- _TASK GOAL_:
From the line that includes "Add chaotic comedy" to the last line of the records that follow, copy every line exactly and nothing more, omitting pictures.

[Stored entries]
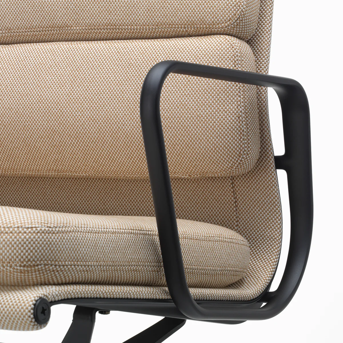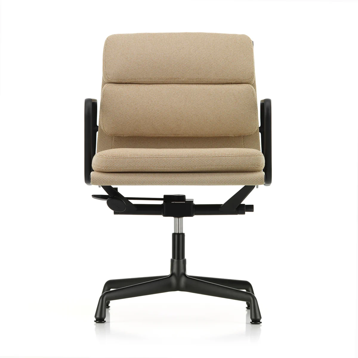 De EA 231 Soft Pad bureaustoel met armleuningen van Vitra is uitgerust met een verstelbaar schommelmechanisme en een rechte zitgeometrie, waardoor hij ideaal is voor het werken aan een bureau. Omdat hij echter geen wielen heeft, straalt hij een gezellige sfeer uit en verschilt hij van conventionele bureaustoelen. Daarom past hij perfect in een chique thuiskantoor.
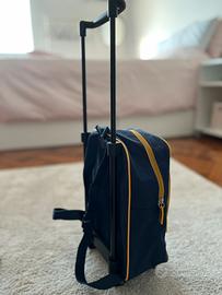 Mini Trolley, nuovo, con rotelle e manico regolabile in altezza, portabile anche come zaino, tasca anteriore con zip.
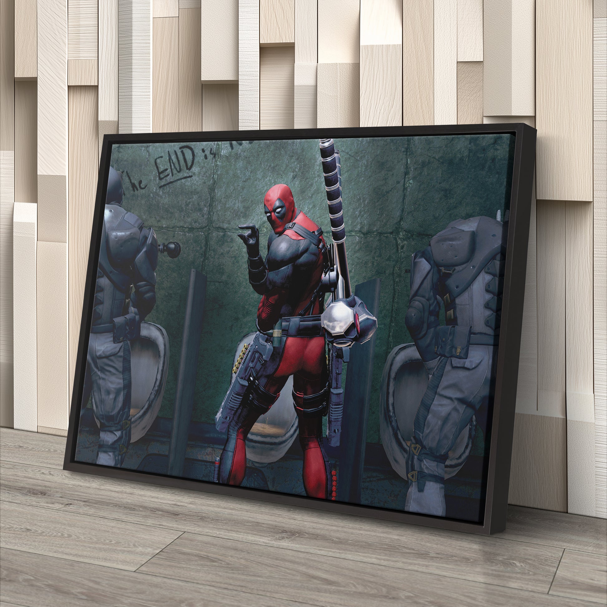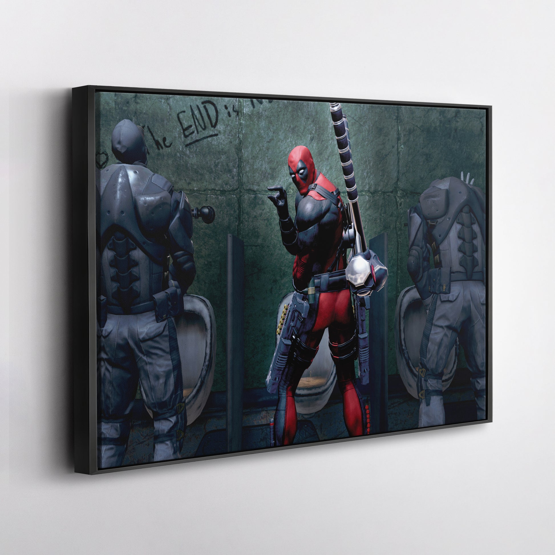 Add chaotic comedy to your space with this Deadpool Bathroom Break Canvas Print. Shop now and make your walls as wild as Wade Wilson himself.
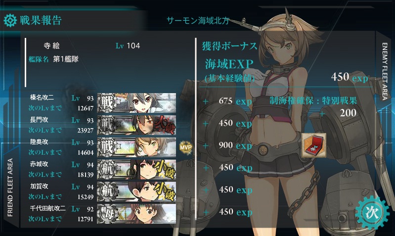 こちらはボス戦で大破艦が出るも、とくに問題なく勝利。
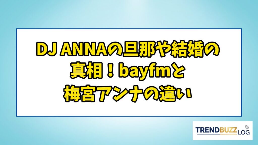 「DJ ANNA」と検索したときに、結婚や旦那さんに関する情報がいくつか出てきて、どれが正しいのか混乱してしまうことはありませんか。特に、千葉のラジオ局bayfmで平日の朝を彩る人気DJのANNAさんと、タレントやモデルとして活躍する梅宮アンナさんは、名... 有名人・インフルエンサー

- _EXERCISE SOLUTION_:
 Add chaotic comedy to your space with this Deadpool Bathroom Break Canvas Print. Shop now and make your walls as wild as Wade Wilson himself.
 こちらはボス戦で大破艦が出るも、とくに問題なく勝利。
 「DJ ANNA」と検索したときに、結婚や旦那さんに関する情報がいくつか出てきて、どれが正しいのか混乱してしまうことはありませんか。特に、千葉のラジオ局bayfmで平日の朝を彩る人気DJのANNAさんと、タレントやモデルとして活躍する梅宮アンナさんは、名... 有名人・インフルエンサー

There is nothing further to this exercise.